There’s one of my favorites, where Joe and some of his running buddies obtained a case of dynamite and decided to test it out by strapping it around a huge oak tree, lighting the fuse and then driving off. They blew half the windows out of the houses and shops in Mt. Judea (pronounced “Mount Judy”) but, thankfully, nobody was hurt. Joe would later relate many stories, but always marvel that he survived.

There were times he nearly didn’t. His darkest moment, likely, came on the 1st of May, 1954, when he was a young man of 20. He was driving his father’s 2-ton Ford pickup from Jasper back towards Piercetown when he engaged another local friend in a race. He lost control near the area known as Flatwoods, leading them to strike a tree head on, killing his two passengers, Paul Gradon Norton and Cecil E. Smith. This would haunt Joe years later, as he would grimly mark the anniversary by solemnly saying ‘Today was the day.’ He was badly hurt in the wreck himself, but, thankfully, he survived.

As Joe grew, he matured, though he never lost that ‘wild and woolly’ streak that endeared him to me so much. I came around in late 1987, and as a child, I remember him well driving his red Honda four wheeler up the road to visit us at dad’s garage. He would pull up, with a little dog riding on the blanket in the basket he mounted on the front rack. He would grin before he ever shut the wheeler off, and then launch into talking with us.

If my grandpa, Glen Holt, was with us, he would inevitably try and bring up something to try and embarrass him. Stories of their misspent youth would flow and he would say ‘You remember that, Glen? Oh you REMEMBER THAT, Glen!!’ It always tickled me to see these two older men ribbing each other like a couple of 20 year olds.

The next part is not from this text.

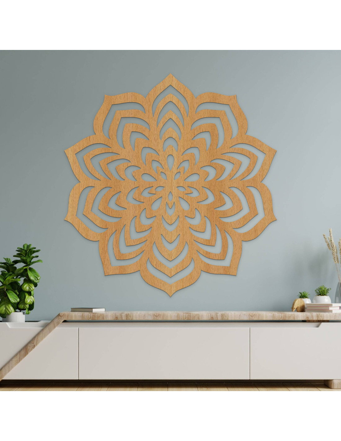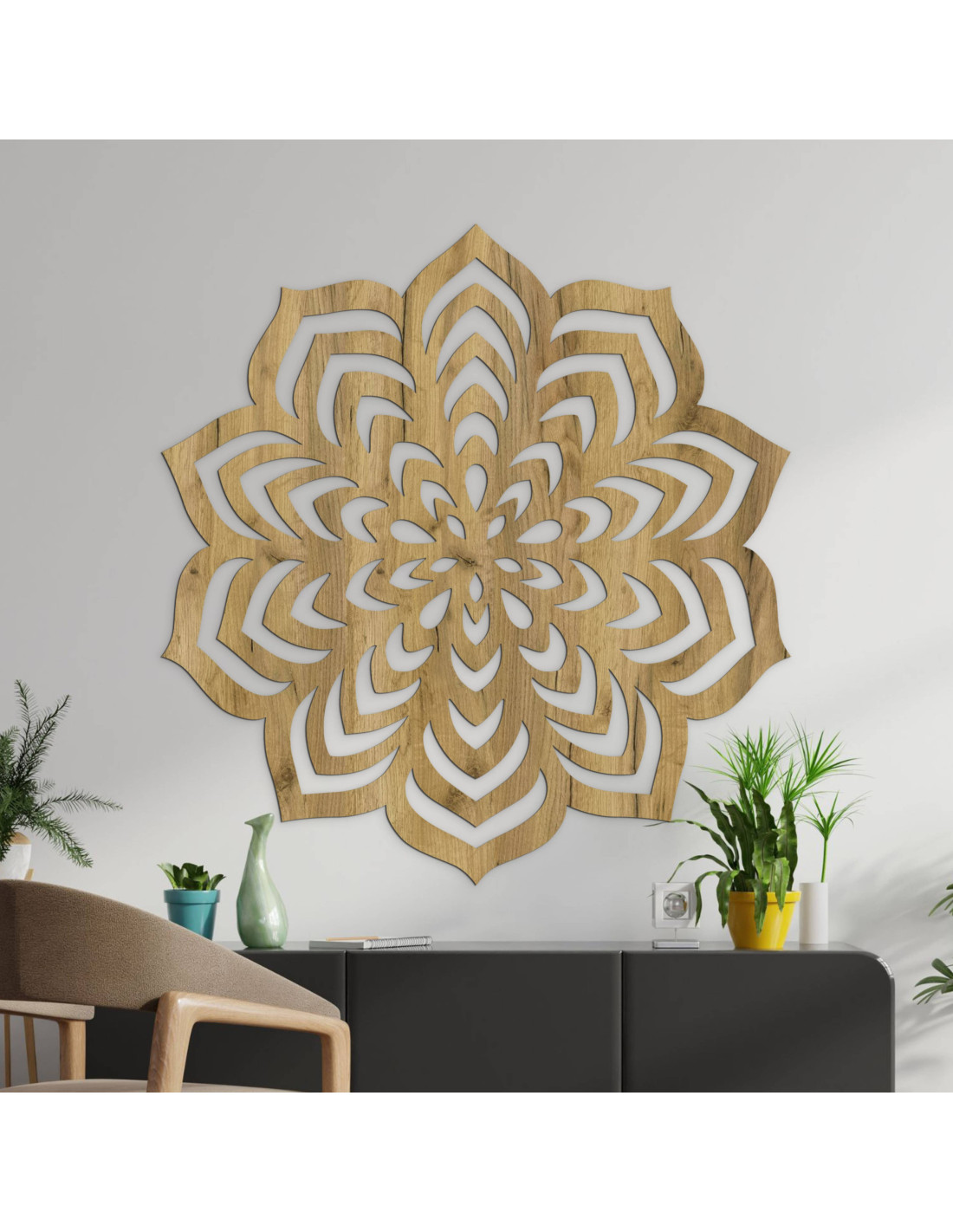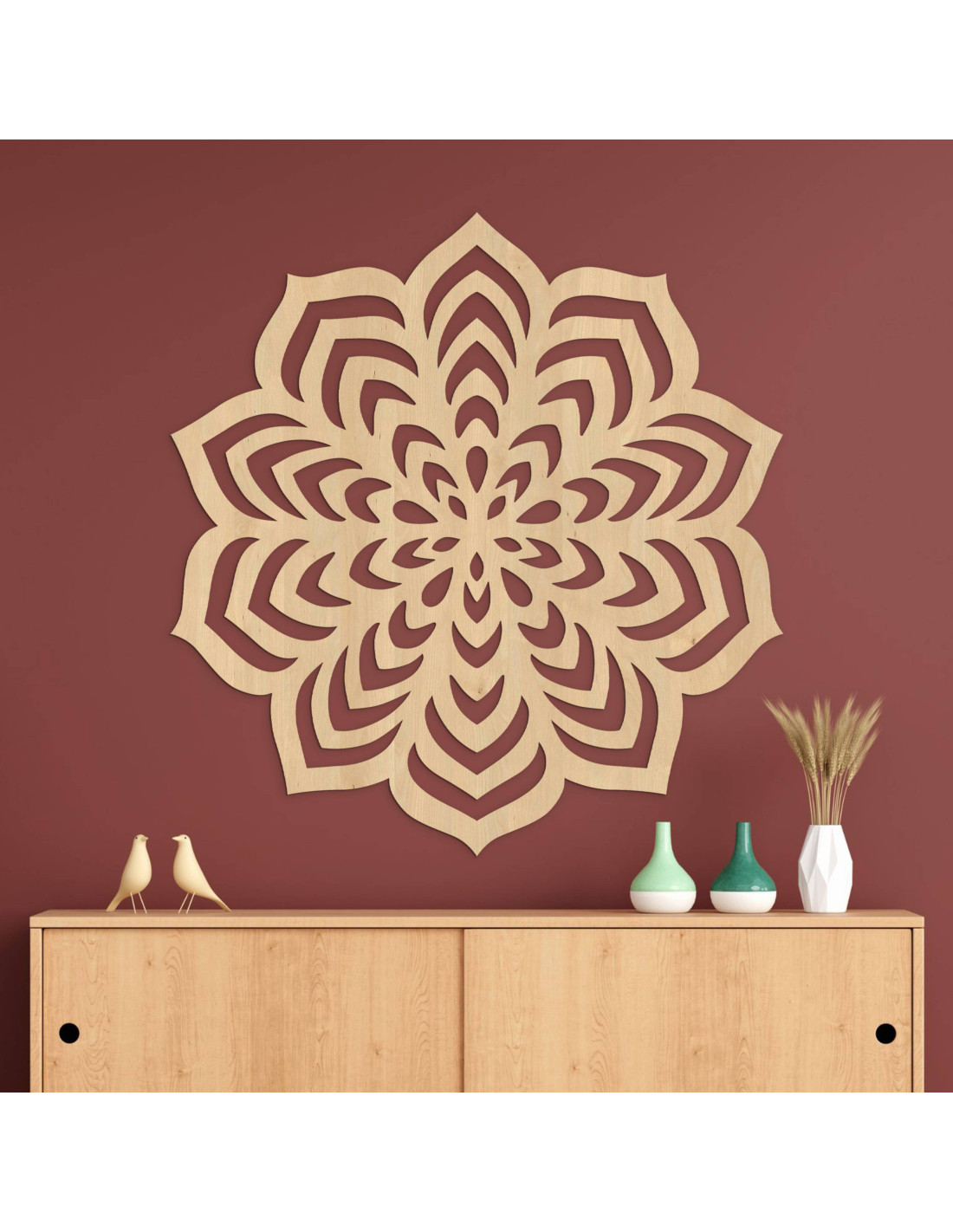 Drevená dekorácia s vyrezávaným mandalovým motívom.

Ah, the stories I could tell you of those two. Joe faced many hardships in his life, and he lived with regrets that he would rarely speak of, but weighed him down the same. However, he rarely ever let that sorrow spill over into the stories he told us. He focused on the good times and always kept us laughing. The sadness that was behind his eyes was rarely ever evident. I admire him for that more now than I ever did, being too young to understand when I was a kid.

Joe would often wear work shirts that he picked up at some store somewhere. Dad pointed out one time that some days he would be ‘Bill,’ some days ‘Sam’ some days ‘Bob.’ I don’t know if he ever had one that said ‘Joe’ or not, but I know I never saw it.

My dad referred to Joe as ‘Salty Joe’ and I picked that up. He would always go out of his way to come see us at deer camp, whether it be at Bass or above Mount Judy, and his appearance was always met with grins and slaps on the back. We loved Joe, now and always. He was a special person and he will forever be with us.

Years later, Joe bought a new tractor, a big blue New Holland, and sometimes, instead of driving his old Honda four-wheeler up to visit, he’d bring that tractor instead. He loved it so much that a picture of it is today engraved on his headstone.

As Joe aged, his health declined. Dad stopped by to see him one evening, and Joe came out, barley walking. Dad asked him ‘What are you doing, Joe?’ He laughed a bit and said ‘Oh, trying to die, I guess!’

I remember dad and me, standing in the woods near our house that overlooked Joe’s home at Vendor, that fateful day, January 27, 2008. We heard the ambulance coming down the creek and knew that Joe’s time had come.

We lost not only a neighbor that day, but a best friend, a great-uncle, and an all-around good ol’ boy that could never be replaced.

These short essays I type up do poor justice to the great people that inspired them, but I feel I have to do my part to try and tell just how great they were, and Joe was an amazing person.

I ask you again in this: remember your people, reach out to them while you still can.

I would give anything to see Joe Kenneth coming up the driveway on that old four-wheeler, his hat on and a big grin breaking out as he neared us, knowing that he was about to get into some ‘meanness!’

Tell your people’s stories, while you still can.

Travis Holt

Travis Holt is an independent farmer and historian in Arkansas.